Both of these encodings ( utf8_general_ci and utf8_unicode_ci ) work with UTF-8 characters, the difference is in sorting the strings and comparing them.
Note: since MySQL version 5.5.3, it is preferable to use utf8mb4 , rather than utf8 . Both are UTF-8 encoded, but the older uft8 has uft8 -specific UTF-8 character restrictions above 0xFFFD.
Comparison of individual parameters.
Accuracy
utf8mb4_unicode_ci based on the Unicode standard for sorting and string comparison, which more accurately sorts strings in a wide range of languages / alphabets.
utf8mb4_general_ci does not implement all Unicode sorting rules, what
often entails an undesirable result in some situations for
certain languages / characters.
Performance
utf8mb4_general_ci faster in comparing and sorting because it contains a large number of optimizations.
On modern servers, this increment of speed will always be, but only slightly. Optimizations were conceived at a time when server capacity was significantly less than today.
utf8mb4_unicode_ci , which uses Unicode rules for sorting and comparing, honestly uses more sophisticated algorithms for precise sorting for a wide number of languages and using special characters. These rules take into account the specific conventions for the language, not always sorting goes in accordance with the "alphabetical" order.
In principle, for a group of so-called. "European" languages do not make much difference between strict Unicode sorting and utf8mb4_general_ci simplified sorting, but a few differences:
For example, Unicode sorts "ß" as well as "ss", and "Œ" as "OE" as people do, while utf8mb4_general_ci sorts them as separate characters (presumably as "s" and "e" respectively).
Some Unicode characters are defined as insignificant, which means that they should not affect the sort order and the comparison should proceed to the next character. And utf8mb4_unicode_ci handles these characters correctly.
For a group of non-European languages, such as Asian languages or languages with a different alphabet, there are many more differences between sorting Unicode and simplified sorting in utf8mb4_general_ci . The way utf8mb4_general_ci is utf8mb4_general_ci will depend on the particular language. For some languages, the difference may be very insufficient.
What to use?
It makes little sense to prefer utf8mb4_general_ci for performance reasons, because on modern processors, the difference will not play the role of a bottleneck.
There may be some kind of performance difference in some highly specialized situations and if this is your case you should be aware of this.

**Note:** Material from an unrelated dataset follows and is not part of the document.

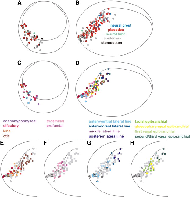Fig. 6. Fate map of Xenopus dorsal cranial non-neural ectoderm at the neural plate stage (stage 13/14). Each symbol represents one dye injection which contributes to a single placode or other ectodermal fates (circle) or to multiple placodes and/or other ectodermal fates (square). Black outlined circles and squares represent injections shown in frontal views as well as in lateral views. The inner gray colored line marks the ventral border of the outer neural folds. Frontal views are shown in A and C and lateral views in B, DâH. Note that only a subset of rostral injection sites mapped from a lateral view were also mapped from a frontal view. A, B: Positions of placodal precursors (red symbols) in relation to precursors of the neural tube (mint symbols), neural crest (blue symbols), epidermis (light gray symbols) and stomodeum (black symbols). All placodes arise from a crescent-shaped area around the anterior neural plate, the pre-placodal ectoderm. C, D: Positions of precursors for different types of placodes (color coded as indicated). There is extensive overlap and co-labeling of precursors for adjacent placodes. EâH: For clarity, these diagrams highlight injection sites contributing to particular subsets of placodes, while injections which contribute to other placodal fates are shown as light gray symbols. E: Adenohypophyseal, olfactory, lens and otic placodes. F: Trigeminal and profundal placodes. G: Lateral line placodes. H: Epibranchial placodes. For detailed explanation see text. |

Previously, some experts recommended using utf8mb4_general_ci except when precise sorting is necessary and more important than sinking performance. Today, more attention is paid to the precise support of internationalization than to a slight slump in productivity.
And I’ll add that even if your application should support only English, it can be a situation where the application will enter the names of people and often entered names should contain characters that are found in other languages, so it is important to use correct sorting rules . Using Unicode in all places where it is possible will help you develop better applications.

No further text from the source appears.